On Sat, 24 Dec 2022 15:31:58 +1300
Daniel Beer <dlbeer@xxxxxxxxx> wrote:

> On Fri, Dec 23, 2022 at 04:16:59PM +0000, Jonathan Cameron wrote:
> > > ad_sigma_delta waits for a conversion which terminates with the firing
> > > of a one-shot IRQ handler. In this handler, the interrupt is disabled
> > > and a completion is set.
> > >
> > > Meanwhile, the thread that initiated the conversion is waiting on the
> > > completion to know when the conversion happened. If this wait times out,
> > > the conversion is aborted and IRQs are disabled. But the IRQ may fire
> > > anyway between the time the completion wait times out and the disabling
> > > of interrupts. If this occurs, we get a double-disabled interrupt.
> >
> > Ouch and good work tracking it down. just to check, did you see this
> > bug happen in the wild or spotted by code inspection?
>
> Hi Jonathan,
>
> Thanks for reviewing. It was by inspection -- I'd originally thought
> about it and fixed in in a similar way in this patch:
>
> https://lore.kernel.org/all/61dd3e0c.1c69fb81.cea15.8d98@xxxxxxxxxxxxx/
>
> But since that's not applied, I thought I'd better put together a
> separate fix for the time being.
>
> > Given that timeout generally indicates hardware failure, I'm not sure
> > how critical this is to fix.
>
> Probably not very critical. I think you'd have to be pretty unlucky to
> encounter it.
>
> > Is this fix sufficient? If the interrupt is being handled on a different
> > CPU to the caller of this function, I think we can still race enough that
> > this fails to fix it up. Might need a spinlock to prevent that.
> >
> > CPU 0 CPU 1
> > ad_sd_data_rdy_trig_poll() ad_sd_wait_and_disable()
> >
> > //wait_for_completion ends
> >
> > Interrupt
> > disable_irq()
> > if (sigma-delta->irq_dis) !true
> > else
> > sigma_delta->irq_dis = true
> >
> > disable_irq_nosync(irq)
> > sigma_delta->irq_dis = true;
> >
> > So we still end up with a doubly disabled irq. Add a spinlock to make the
> > disable and the setting of sigma_delta->irq_dis atomic then it should all be fine.
>
> My understanding is that the suffix-less version of disable_irq would
> wait for all running handlers on other CPUs (i.e.
> ad_sd_data_rdy_trig_poll) to finish before proceeding, which would
> prevent this from happening. Is that not the case?
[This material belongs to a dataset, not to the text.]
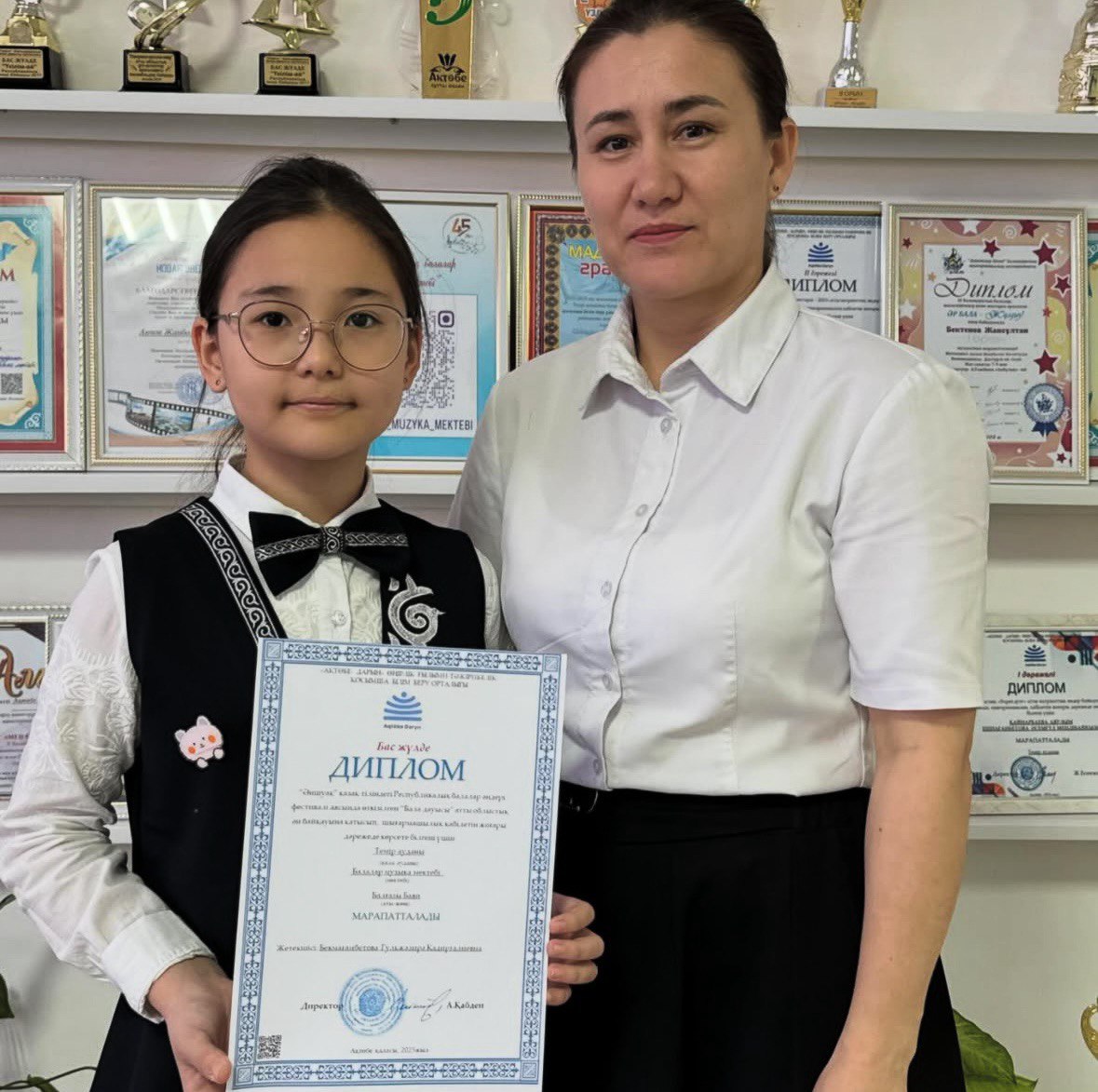 «Ақтөбе - дарын» өңірлік ғылыми тәжірибелік қосымша білім беру орталығы ұйымдастыруымен «Әншуақ» қазақ тіліндегі Республикалық балалар әндері фестивалі аясында өткізілген «Бала дауысы» атты облыстық ән байқауына қатысып, «Академиялық ән» номинациясы бойынша (орта топ 9 - 12 жас) Балғазы Баян Бас жүлде дипломмен марапатталды.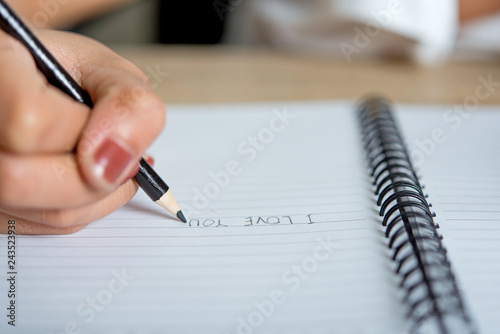 Hand and pencil pictures of students writing Education concept With copy space

Ah. I'd missed that - it is indeed documented as waiting for
pending irq handlers so that race doesn't exist.


>
> But now that you mention it, there is another small problem: in the case
> where the conversion doesn't time out, the interrupt handler will call
> complete() and then perform some operations on the struct
> ad_sigma_delta.
>
> This is always ok on a single processor, but if there are multiple CPUs
> there is possibly a brief period where both the interrupt handler and
> the waiting thread are accessing the ad_sigma_delta struct without
> synchronization between them.
>
> Not sure if that's really a problem in practice, but I think an easy way
> to rule it out would just be to move the complete() call to the bottom
> of the handler and make sure it doesn't touch the structure again after
> that.

Hmm. At first glance, you are correct that moving completion later probably
makes sense. There may be some subtleties in that ordering though so I definitely want
some feedback from those more familiar with this driver than I am before
taking this patch or that further change.

Jonathan


>
> Cheers,
> Daniel
>